Data in this exercise ->
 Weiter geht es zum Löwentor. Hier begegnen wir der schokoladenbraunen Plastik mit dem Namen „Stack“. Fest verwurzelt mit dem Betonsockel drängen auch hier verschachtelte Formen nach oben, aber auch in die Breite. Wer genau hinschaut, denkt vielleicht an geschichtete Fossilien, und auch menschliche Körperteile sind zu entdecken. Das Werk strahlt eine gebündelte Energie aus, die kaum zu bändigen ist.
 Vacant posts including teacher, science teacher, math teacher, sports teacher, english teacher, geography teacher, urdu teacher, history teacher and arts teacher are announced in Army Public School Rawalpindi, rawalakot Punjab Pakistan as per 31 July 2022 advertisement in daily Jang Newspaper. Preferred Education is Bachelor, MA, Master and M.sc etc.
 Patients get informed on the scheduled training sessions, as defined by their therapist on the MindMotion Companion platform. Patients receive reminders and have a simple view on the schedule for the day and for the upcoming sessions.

* * *

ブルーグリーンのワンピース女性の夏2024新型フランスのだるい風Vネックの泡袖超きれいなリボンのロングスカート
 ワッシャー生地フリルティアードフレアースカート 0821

Activity ->
With the line holding "ブルーグリーンのワンピース女" as the first and the line holding "ワッシャー生地フリルティアードフレアースカート 0821" as the last, please transcribe exactly the lines of the material above in that range and nothing else.

Output for this exercise ->
ブルーグリーンのワンピース女性の夏2024新型フランスのだるい風Vネックの泡袖超きれいなリボンのロングスカート
 ワッシャー生地フリルティアードフレアースカート 0821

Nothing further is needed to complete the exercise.